Case Study — Cleaner Negative Sampling — Straight Up AI
Case Study · Consumer Marketplace

Teaching the recommender to stop punishing the right answer

The client's Two-Tower recommender learned from in-batch negatives — but roughly one in ten training rows was being penalised for a product the user genuinely engaged with.
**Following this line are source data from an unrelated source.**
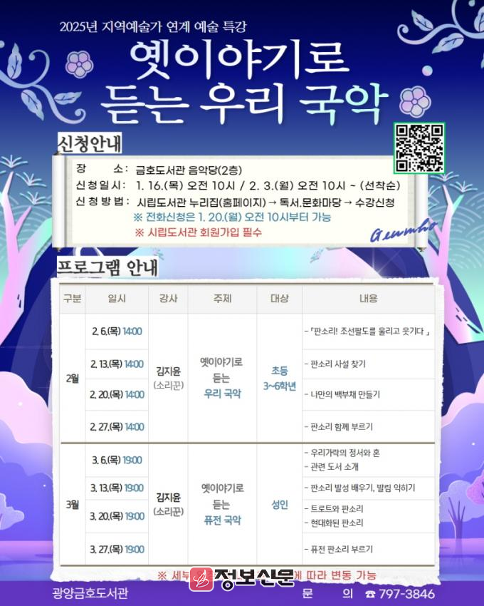 ![]() 광양금호도서관, 전통과 현대를 넘나드는 판소리 특강 운영 |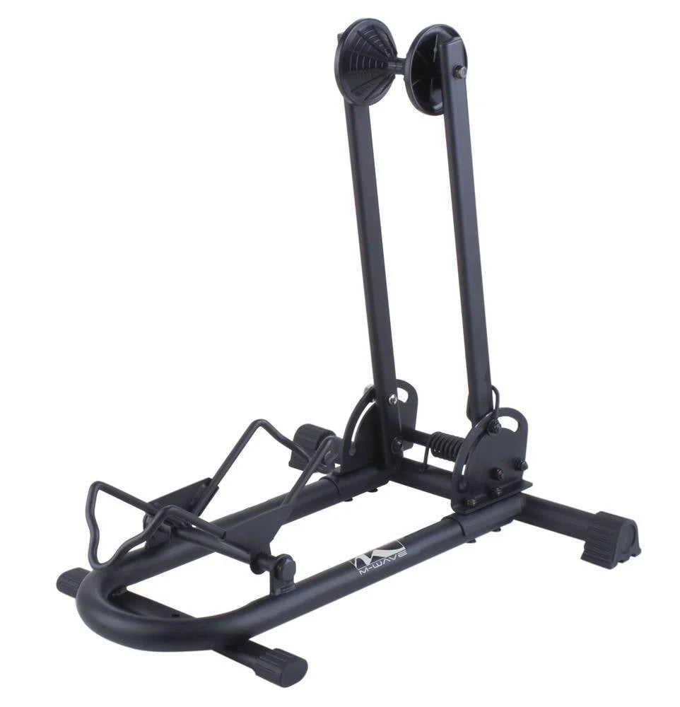 De M-Wave Winkelstandaard Pro Opklap - 20-29 inch is plaatsbesparend, omdat deze inklapbaar is. De fiets kan eenvoudig in de standaard gerold worden.
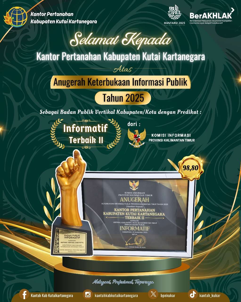 Bagi Kantor Pertanahan Kabupaten Kutai Kartanegara, penghargaan ini menjadi bukti konsistensi dalam menjalankan amanah keterbukaan informasi. Raihan predikat Informatif selama tiga tahun beruntun sejak 2023 meneguhkan komitmen instansi untuk terus melangkah dengan prinsip transparansi, profesionalisme, dan akuntabilitas.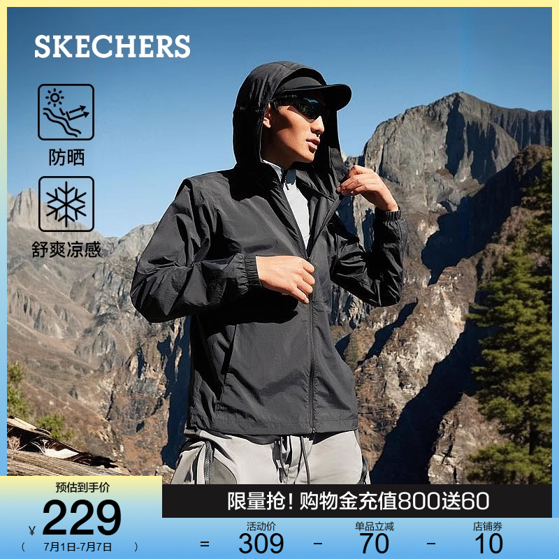 【成毅同款】斯凱奇男款風衣連帽拉鏈短款速干防曬外套百搭上衣夏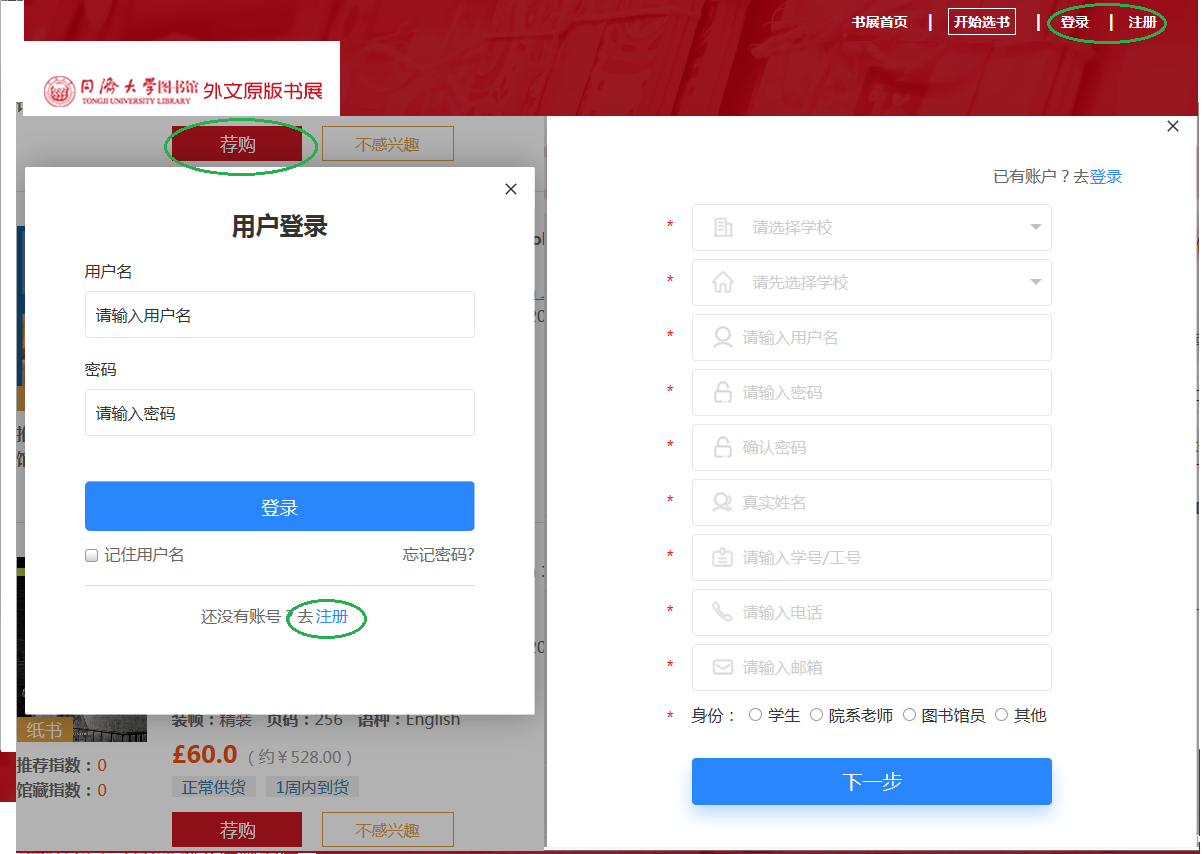 (3)如果找到心仪的书,请点击“荐购”。若没有注册请先注册,再登录。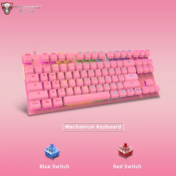 MOTOSPEED Professional Gaming Mechanical Keyboard RGB Rainbow Backlit 87 Keys Illuminated Computer USB for Mac & PC Pink
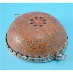 A Peruvian ? white metal mounted maser, carved with European native hunters amongst trees and inscribed, 'Dedicado Pa El Sr Sub Prefecto De Lucanas Dn Jose Manuel Caseres', 7.75ins. £300-500
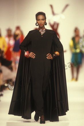La sfilata AW89 di YSL era stata chiusa da un'altra carissima musa di Yves. La bellissima modella guineana Katoucha Niane indossava un abito nero fino alla caviglia che incorporava un'ampia cappa nera chiusa al collo da un gioiello in diamanti. La sfilata SS19 di ieri si è chiusa con l'ennesimo omaggio ad Yves: la modella Julia Nobis, sopra a pantaloni neri e camicia trasparente, portava proprio una cappa nera.

We measured the problem, masked these false negatives, and turned cleaner gradients into measurable retrieval gains.

Client
Consumer marketplace · Recommendations
Engagement
ML Engineer · Recommendations
Focus
Negative sampling & retrieval quality
Stack
PyTorch · TorchRec · Databricks · MLflow
+1.8%
Recall@2400 (overall) from product-level accidental-hit removal — with consistent gains in NDCG too.
~10%
Of training rows quantified as carrying at least one false negative — a hidden ceiling on embedding quality.
0 overhead
The fix masks logits before loss; the streaming dedup option reuses existing shuffle-buffer infrastructure.
The Challenge

The model was being trained to contradict itself

The Two-Tower retrieval model uses in-batch negative sampling: for each positive user–item pair, every other item in the mini-batch is treated as a negative. It's efficient — but it breaks down when the same user or the same product appears twice in a batch. A popular item (a trending dress) shows up across many users' histories, so when two of those users land in the same 4,096-row batch, the loss penalises the model for an association that is actually correct.
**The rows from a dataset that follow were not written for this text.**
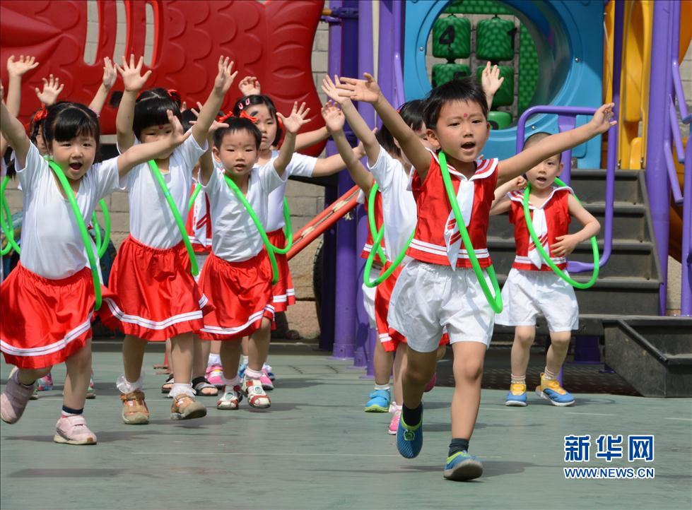 5月30日,在北京市西城區長安幼兒園,小一班小朋友表演圈操。當日,“快樂運動我成長·長安幼兒園第三屆健身節閉幕式”舉行,小朋友們在老師的帶領下為家長表演了節目,并與家長一同參加多種健身游戲,在運動中快樂迎接六一國際兒童節到來。新華社記者 馬寧 攝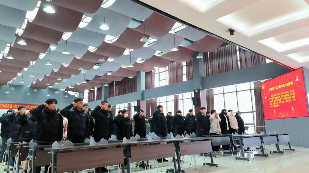 为落实共青团中央关于认真学习宣传贯彻习近平总书记重要讲话精神,动员引领广大团员青年在强国建设、民族复兴伟业中挺膺担当,我校团委于12月12日在五楼报告厅举行2023年新团员入团仪式。仪式由团委陈晨老师主持,团委李丹老师、北校区团委组织干事马浩琼老师及两校179名新团员参加了仪式。入团仪式在雄壮的国歌声中拉开帷幕。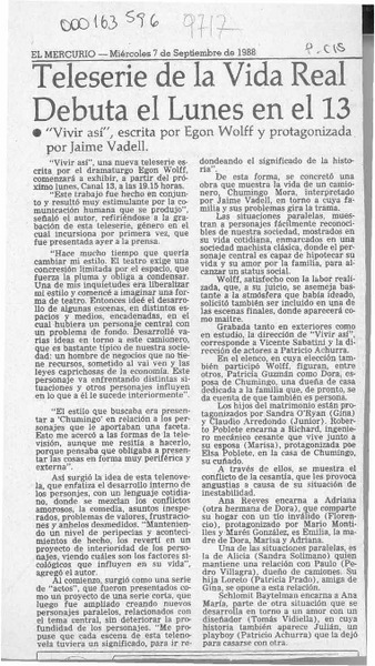 Wolff asegura que "Vivir así" será una teleserie muy diferente: [entrevista] [artículo] Pilar Entrala.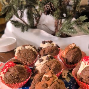 • Using a small ice cream scoop, portion the dough into 14 balls. Place onto the prepared baking sheet. Lightly flatten each scoop.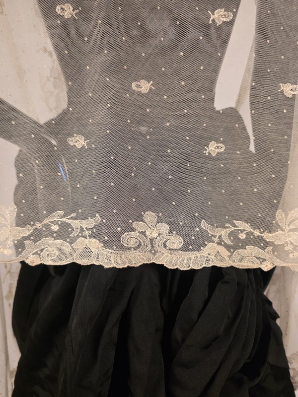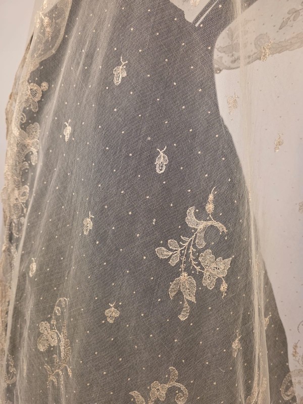 DESCRIPTION: FASHIONED OF A VERY FINE BRIDAL NET THAT IS RICHLY HAND EMBROIDERED IN SILK FLOSS IN SPRIGS THROUGHOUT THE GROUND WITH FLORAL PATTERNS RUNNING AROUND ALL THE EDGES. VERY LARGE DETAIL IS ON THE CENTER BOTTOM OF EACH SIDE.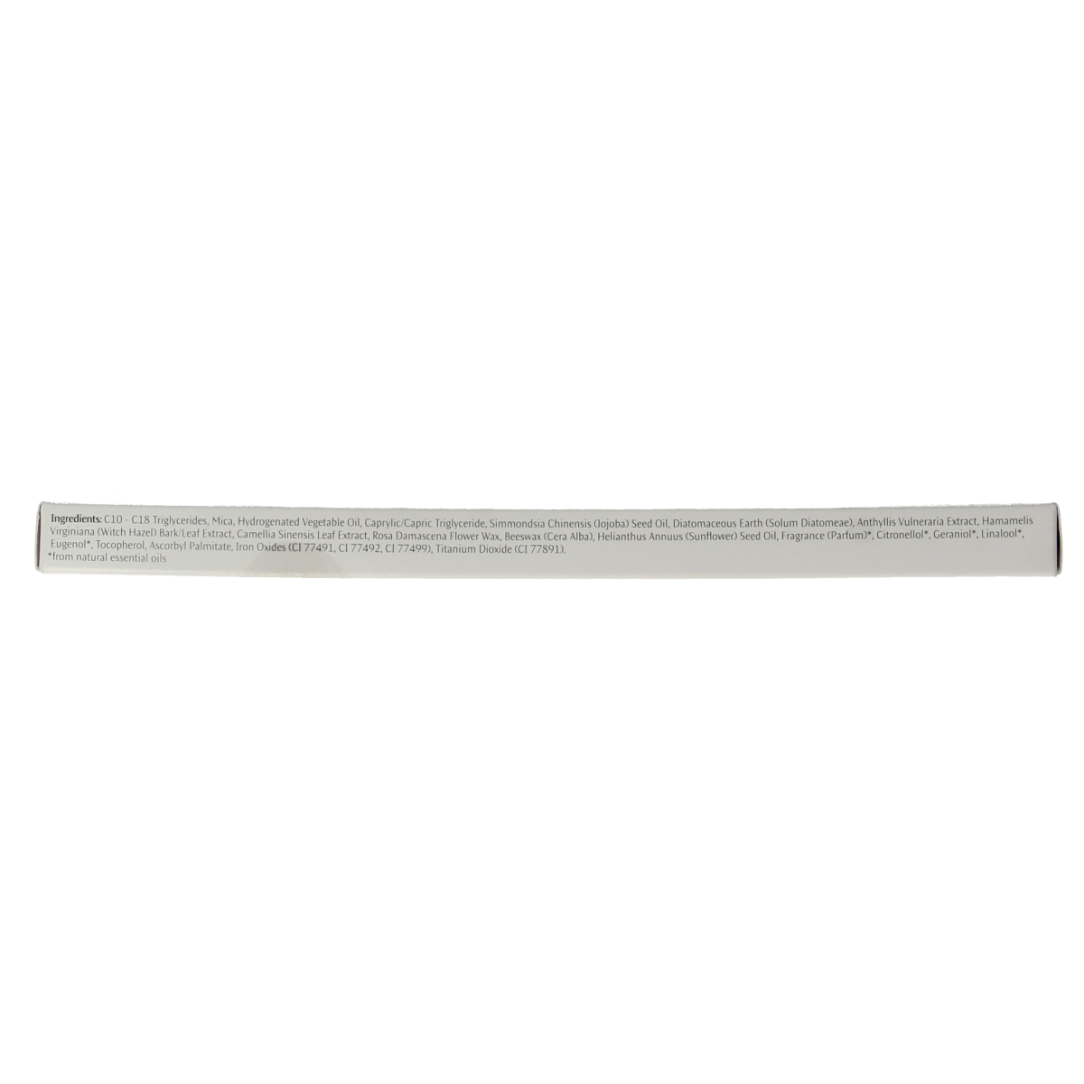 C10-C18 Triglycerides, Mica, Hydrogenated Vegetable Oil, Caprylic/Capric Triglyceride, Simmondsia Chinensis (Jojoba) Seed Oil, Diatomaceous Earth (Solum Diatomeae), Anthyllis Vulneraria Extract, Hamamelis Virginiana (Witch Hazel) Bark/Leaf Extract, Camellia Sinensis Leaf Extract, Rosa Damascena Flower Wax, Beeswax (Cera Alba), Helianthus Annuus (Sunflower) Seed Oil, Fragrance (Parfum)*, Citronellol*, Geraniol*, Linalool*, Eugenol*, Tocopherol, Ascorbyl Palmitate, Iron Oxides (CI 77491, CI 77492, CI 77499), Titanium Dioxide (CI 77891).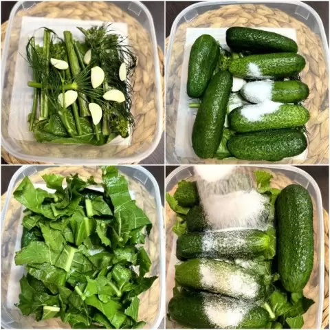 - Нарезать зелень и чеснок, сложить их в пластиковый контейнер с огурцами.

These "accidental hits" are false negatives, and they create contradictory gradients on the same embedding — noise that slows convergence and caps embedding separation. Worse, the problem is self-reinforcing: as the model improves, those duplicate items become genuinely high-scoring, so hard-negative mining selects them more often. The better the model gets, the harder it's punished for being right.
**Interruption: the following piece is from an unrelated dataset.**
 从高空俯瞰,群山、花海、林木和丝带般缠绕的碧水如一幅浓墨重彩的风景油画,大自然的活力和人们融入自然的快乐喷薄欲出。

Before fixing anything, we needed to know how big the problem actually was — and where it was concentrated.

The Approach

Measure first, then mask

01

Instrument the collisions

Built a collision tracker and per-entity registry to log how often duplicate user/product IDs appeared per batch and after hard-negative mining — quantifying the false-negative rate at ~10% of rows.

02

Mask accidental hits in the loss

Added diagonalisation to the retrieval loss: positions where a "negative" shares a user or product ID with the positive are set to −1e9 before softmax — and crucially, before hard-negative mining, so the miner only sees genuinely hard negatives.

03

Trial the variants head-to-head

Trained baseline, product-only, user-only and combined variants on identical data and model, isolating the effect of each masking strategy on retrieval metrics.

04

Evaluate stratified by severity

Compared recall and embedding alignment/uniformity globally and for high-collision entities, confirming the lift came from cleaner gradients — not from simply shrinking the loss.

The Results

The counter-intuitive winner

The expectation was that masking both collision types would help most. It didn't. Masking product collisions alone delivered the cleanest lift — user-level masking over-trimmed the negative pool and added noise, and combining both was counter-productive. Removing the highest-impact false negatives while preserving enough valid contrastive signal was the sweet spot.


Variant Recall@2400 (Views) Recall@2400 (Overall) NDCG@2400 (Overall)
Baseline (no masking) 0.357 0.341 0.114
Product diagonalisation 0.362 0.347 0.116
User diagonalisation 0.357 0.341 0.114
User + product 0.358 0.342 0.114
Source: Off-Diagonalisation Experiment Report. Product diagonalisation: +1.4% Recall@2400 (Views), +1.8% (Overall) relative to baseline.
What We Built

The engineering underneath the numbers

A collision measurement frameworkPer-batch tracker and per-entity registry logging false-negative rates to MLflow.
Accidental-hit masking in the lossDiagonalisation applied before hard-negative mining, with the true positive preserved.
A streaming uniqueness bufferOptional batch-level dedup that drives collisions to zero, reusing the existing shuffle buffer.
Stratified offline evaluationRecall and alignment/uniformity bucketed by collision frequency to attribute the gains.